▸ WHAT YOU ARE ASKED TO DO: Without the pictures, set down every line of the data exactly.

▸ LISTED ENTRIES:
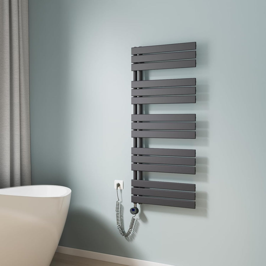- Einfache Installation: Der Handtuchheizkörper wird mit elektrische Heizstab vorinstalliert und mit Frostschutzmittel vorgefüllt geliefert. An die Wand hängen, einstecken und fertig.
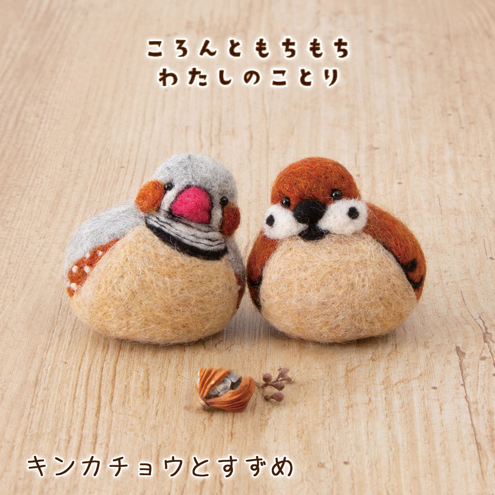 羊毛フェルト キット ころんともちもちわたちのことり キンカチョウとすずめ とり 小鳥 マスコット ぬいぐるみ フェルト人形 ハンドメイド かわいい 子ども 手作りキット 手芸用品 手芸キット 簡単 動物 ハマナカ
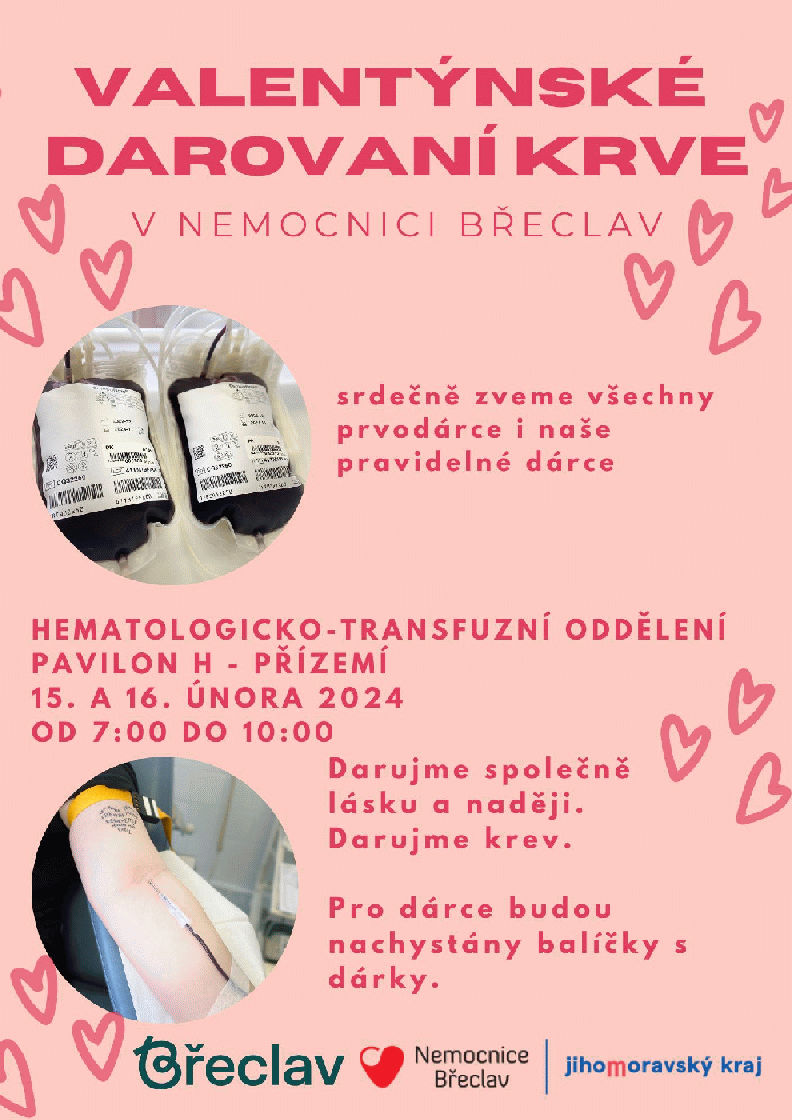 Darovat krev je podle zástupců nemocnice dárek, který má smysl a nezůstane nevyužitý. Pro každý pár byl připravený romantický dárek. Kdo nestihnul přijít právě tuto středu, může dorazit kteroukoli jinou středu. Dárce krve přivítají také vždy v úterý, a to mezi sedmou a devátou ráno. Darovat lze i plazmu, a to v pondělí, čtvrtek a pátek. Bližší informace jsou k nalezení ZDE. Odběr byl určen pro pravidelné dárce i prvodárce. Jedinou podmínkou bylo darování obou partnerů. „Krev je nenahraditelná tekutina, která zachraňuje život. Z plazmy se vyrábí krevní deriváty, které se používají při léčbě celé řady nemocí a krvácivých stavů,“ vysvětlila nemocnice na svých webových stránkách. Podobné akce pořádaly na Valentýna i další nemocnice v Jihomoravském kraji, například Fakultní nemocnice v Brně nebo nemocnice v Břeclavi.
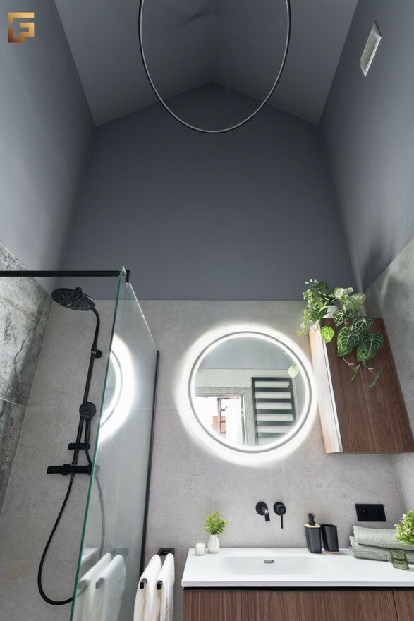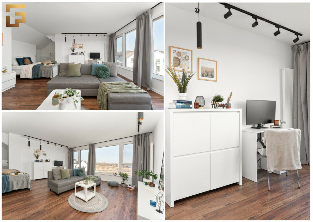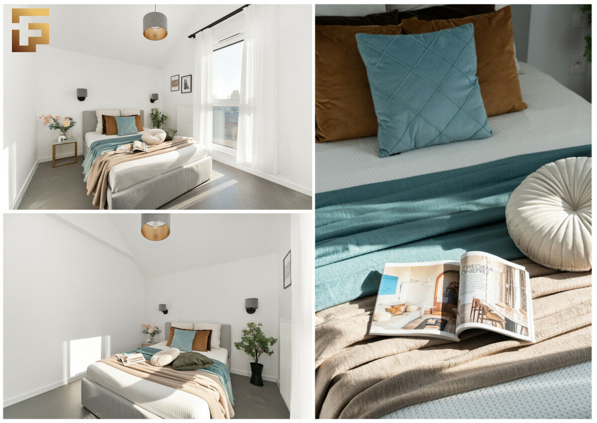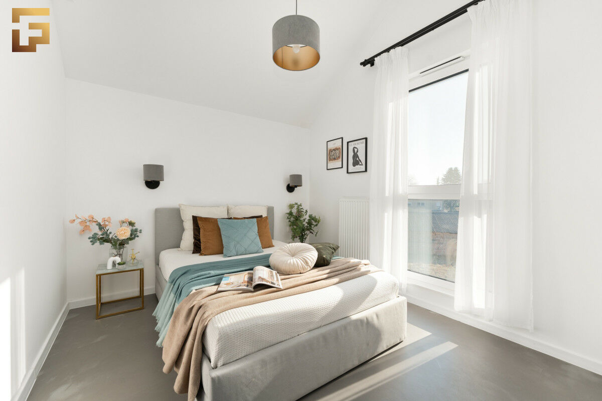 Na górze mieszkania została stworzona otwarta przestrzeń, która może służyć jako sypialnia, biuro lub pracownia. Pomieszczenie posiada ogromne okna na całej szerokości ściany, które zapewniają wyjątkowy dostęp do naturalnego światła i widoków. Wysokość pomieszczeń jest bardzo zróżnicowana, od 250 cm w niższych partiach, aż po 550 cm w części holu i łazienki, co dodaje przestronności i unikalnego charakteru wnętrzu. Całość mieszkania została zaprojektowana z myślą o komforcie i funkcjonalności.
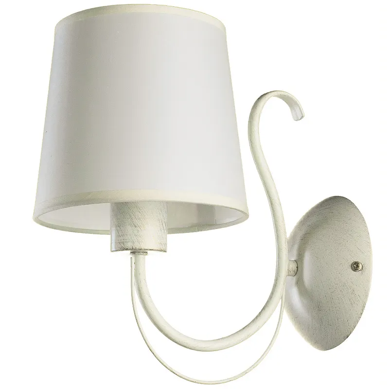 Настенный светильник Artelamp Orlean A9310AP-1WG Белый с золотом – это идеальное решение для создания уютной атмосферы в интерьере. Благодаря своему элегантному стилю кантри, данный светильник станет отличным акцентом в спальне или гостиной. Комбинированный цвет арматуры и плафона – белый с золотом – добавляет изысканности и утонченности в любой дизайн.
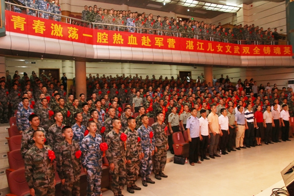湛江军分区冯振鹏副司令员、战备建设处张文斌上校、动员处处长韦斌上校、政治工作处主任项梁上校,各县(市、区)征兵办主任,湛江市委宣传部、市教育局、公安局、民政局、卫生和计生局、团市委以及大学生新兵代表、大学生代表共同参加了本次活动。
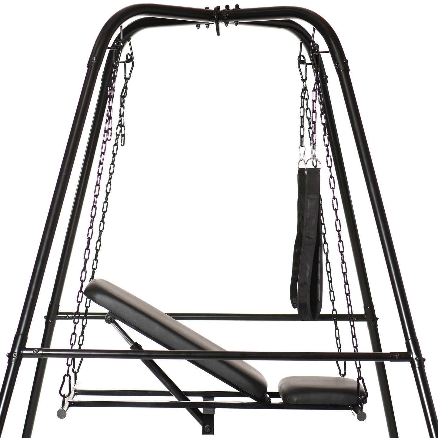 This swing is unlike others. For those who want support and a padded but firm surface, this swing is a floating chair or bondage table that makes your experience weightless. As you defy gravity and push the edges of your kinky comfort zone in intense or stimulating scenes, find yourself securely above the ground on this chair swing suspended from a durable, steel frame that can hold up to 330 lbs. The chair hangs via chains from the easy to assemble frame. Stirrups are included and allow you to elevate your legs or grab on with your hands, depending on your position. Fully adjust the height so your partner can enjoy ergonomic penetration and play! Adjust the angle of the chair from 90 degrees to 180 degrees to go from sitting up to laying back and find which angle gives you the perfect angle to hit your A-spot, G-spot or P-spot! The comfortable, padded chair is covered with vegan friendly, easy to clean, vegan leather.
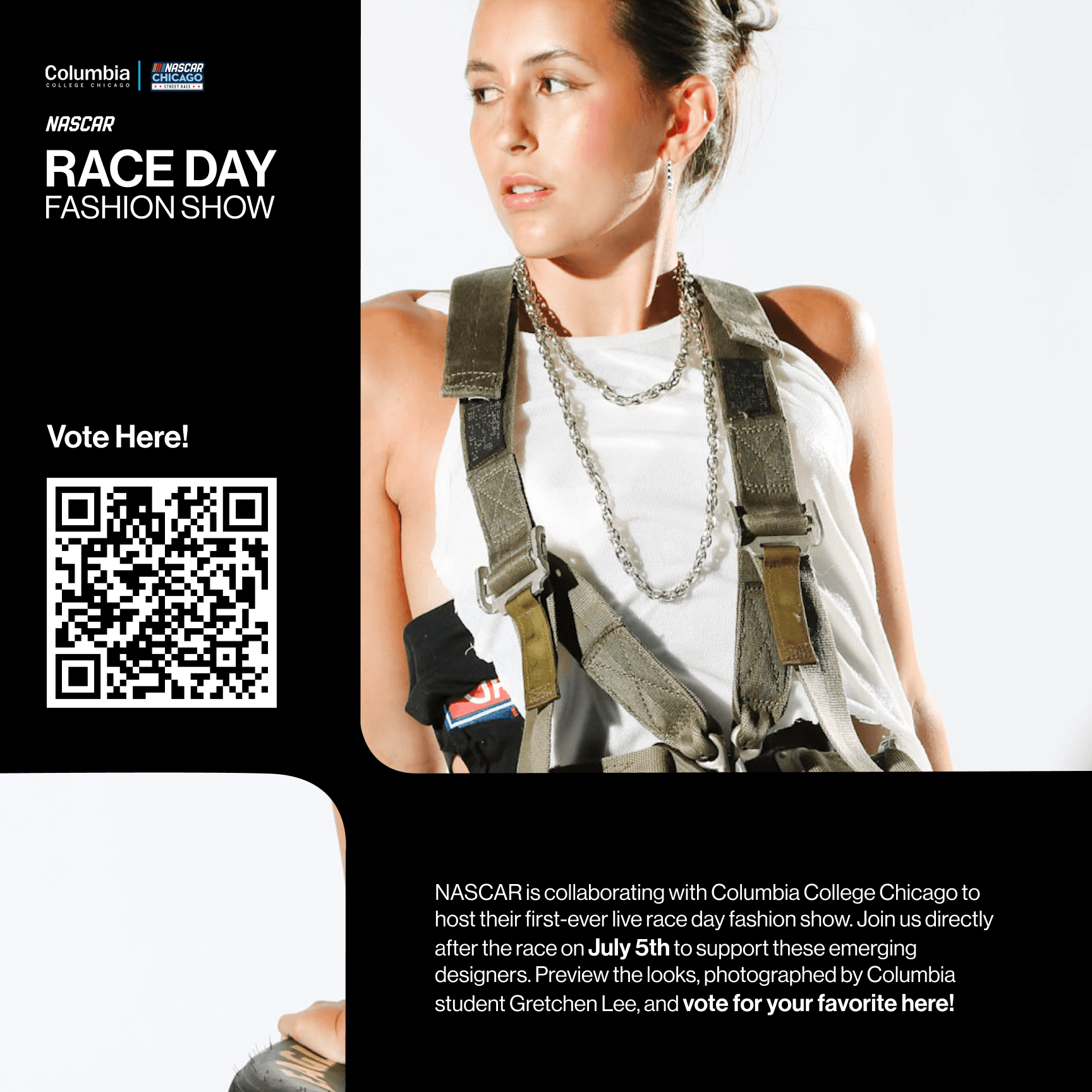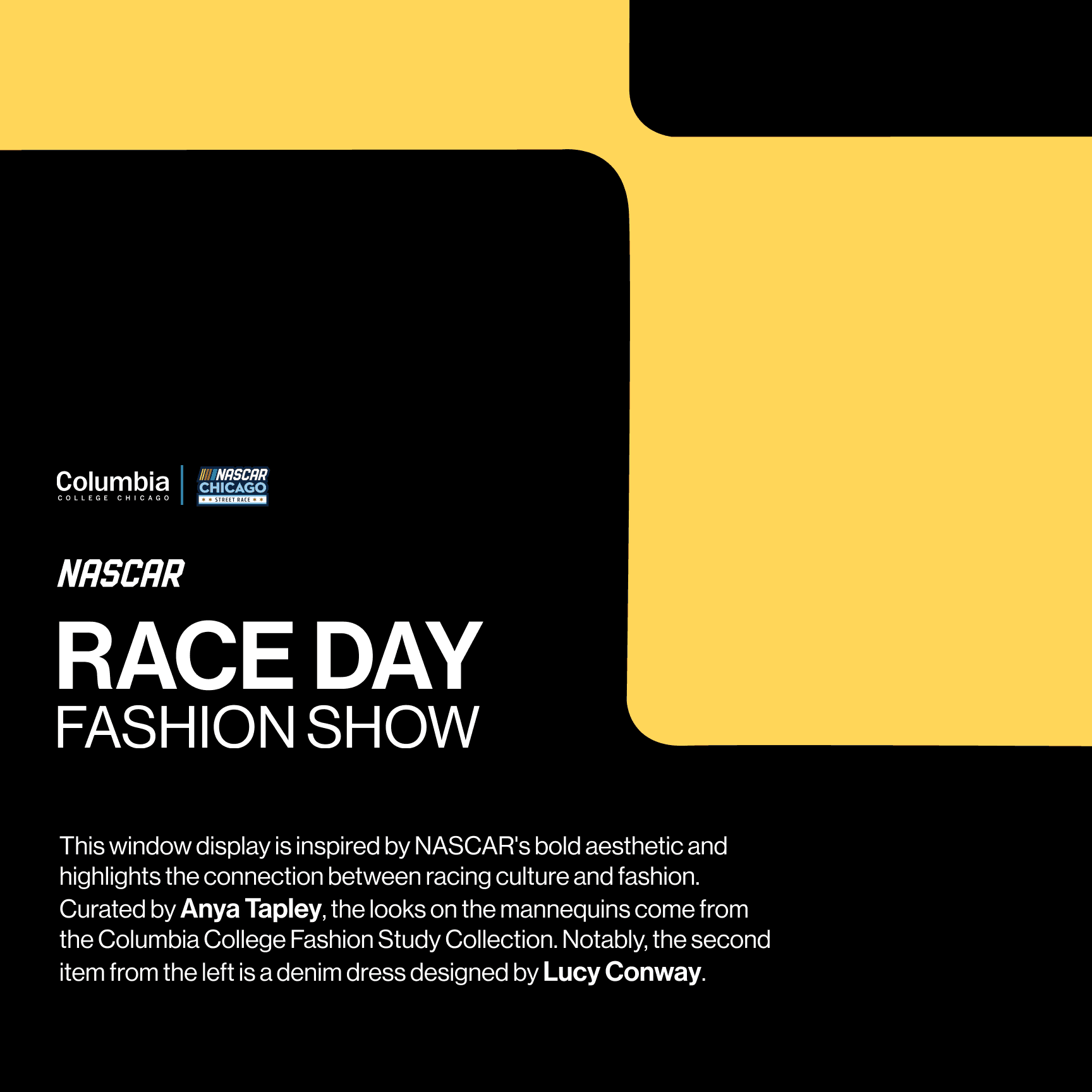 The activation highlights capsule collections crafted by seniors, juniors, and designers at Columbia College Chicago. This merged fresh innovative designs with the spirit of NASCAR. Alongside the pop-up fashion show, we proposed a window display at 618 S Michigan Ave, which is on the first turn of the race track and is the home to the School of Fashion. After meeting with the president of the NASCAR Chicago Street Race, we got approval to bring our proposal to life at the street race in July of 2025.
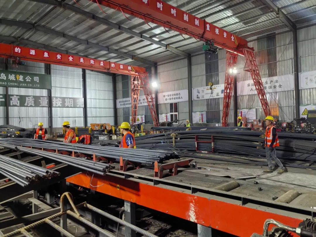 通过20余部摄像头、智慧安全帽等终端设备与“智慧工地”系统平台实时联动,远程实时同步现场作业情况和人员活动状态,将工地可视化、管理实名化、监测实时化、应用智能化变为现实,项目安全和质量标准化管理效果显著;建立智能钢筋加工区,运用智能化加工设备,实现钢筋“机械化、工厂化、专业化、信息化、精细化”加工,有效保障钢筋加工精度及工期;同时,强化原材料源头管理,加强班组建设,由项目管理人员全程监督,确保高品质混凝土实施效果。

▸ OUTPUT OF THE EXERCISE:
- Einfache Installation: Der Handtuchheizkörper wird mit elektrische Heizstab vorinstalliert und mit Frostschutzmittel vorgefüllt geliefert. An die Wand hängen, einstecken und fertig.
 羊毛フェルト キット ころんともちもちわたちのことり キンカチョウとすずめ とり 小鳥 マスコット ぬいぐるみ フェルト人形 ハンドメイド かわいい 子ども 手作りキット 手芸用品 手芸キット 簡単 動物 ハマナカ
 Darovat krev je podle zástupců nemocnice dárek, který má smysl a nezůstane nevyužitý. Pro každý pár byl připravený romantický dárek. Kdo nestihnul přijít právě tuto středu, může dorazit kteroukoli jinou středu. Dárce krve přivítají také vždy v úterý, a to mezi sedmou a devátou ráno. Darovat lze i plazmu, a to v pondělí, čtvrtek a pátek. Bližší informace jsou k nalezení ZDE. Odběr byl určen pro pravidelné dárce i prvodárce. Jedinou podmínkou bylo darování obou partnerů. „Krev je nenahraditelná tekutina, která zachraňuje život. Z plazmy se vyrábí krevní deriváty, které se používají při léčbě celé řady nemocí a krvácivých stavů,“ vysvětlila nemocnice na svých webových stránkách. Podobné akce pořádaly na Valentýna i další nemocnice v Jihomoravském kraji, například Fakultní nemocnice v Brně nebo nemocnice v Břeclavi.
 Na górze mieszkania została stworzona otwarta przestrzeń, która może służyć jako sypialnia, biuro lub pracownia. Pomieszczenie posiada ogromne okna na całej szerokości ściany, które zapewniają wyjątkowy dostęp do naturalnego światła i widoków. Wysokość pomieszczeń jest bardzo zróżnicowana, od 250 cm w niższych partiach, aż po 550 cm w części holu i łazienki, co dodaje przestronności i unikalnego charakteru wnętrzu. Całość mieszkania została zaprojektowana z myślą o komforcie i funkcjonalności.
 Настенный светильник Artelamp Orlean A9310AP-1WG Белый с золотом – это идеальное решение для создания уютной атмосферы в интерьере. Благодаря своему элегантному стилю кантри, данный светильник станет отличным акцентом в спальне или гостиной. Комбинированный цвет арматуры и плафона – белый с золотом – добавляет изысканности и утонченности в любой дизайн.
湛江军分区冯振鹏副司令员、战备建设处张文斌上校、动员处处长韦斌上校、政治工作处主任项梁上校,各县(市、区)征兵办主任,湛江市委宣传部、市教育局、公安局、民政局、卫生和计生局、团市委以及大学生新兵代表、大学生代表共同参加了本次活动。
 This swing is unlike others. For those who want support and a padded but firm surface, this swing is a floating chair or bondage table that makes your experience weightless. As you defy gravity and push the edges of your kinky comfort zone in intense or stimulating scenes, find yourself securely above the ground on this chair swing suspended from a durable, steel frame that can hold up to 330 lbs. The chair hangs via chains from the easy to assemble frame. Stirrups are included and allow you to elevate your legs or grab on with your hands, depending on your position. Fully adjust the height so your partner can enjoy ergonomic penetration and play! Adjust the angle of the chair from 90 degrees to 180 degrees to go from sitting up to laying back and find which angle gives you the perfect angle to hit your A-spot, G-spot or P-spot! The comfortable, padded chair is covered with vegan friendly, easy to clean, vegan leather.
 The activation highlights capsule collections crafted by seniors, juniors, and designers at Columbia College Chicago. This merged fresh innovative designs with the spirit of NASCAR. Alongside the pop-up fashion show, we proposed a window display at 618 S Michigan Ave, which is on the first turn of the race track and is the home to the School of Fashion. After meeting with the president of the NASCAR Chicago Street Race, we got approval to bring our proposal to life at the street race in July of 2025.
 通过20余部摄像头、智慧安全帽等终端设备与“智慧工地”系统平台实时联动,远程实时同步现场作业情况和人员活动状态,将工地可视化、管理实名化、监测实时化、应用智能化变为现实,项目安全和质量标准化管理效果显著;建立智能钢筋加工区,运用智能化加工设备,实现钢筋“机械化、工厂化、专业化、信息化、精细化”加工,有效保障钢筋加工精度及工期;同时,强化原材料源头管理,加强班组建设,由项目管理人员全程监督,确保高品质混凝土实施效果。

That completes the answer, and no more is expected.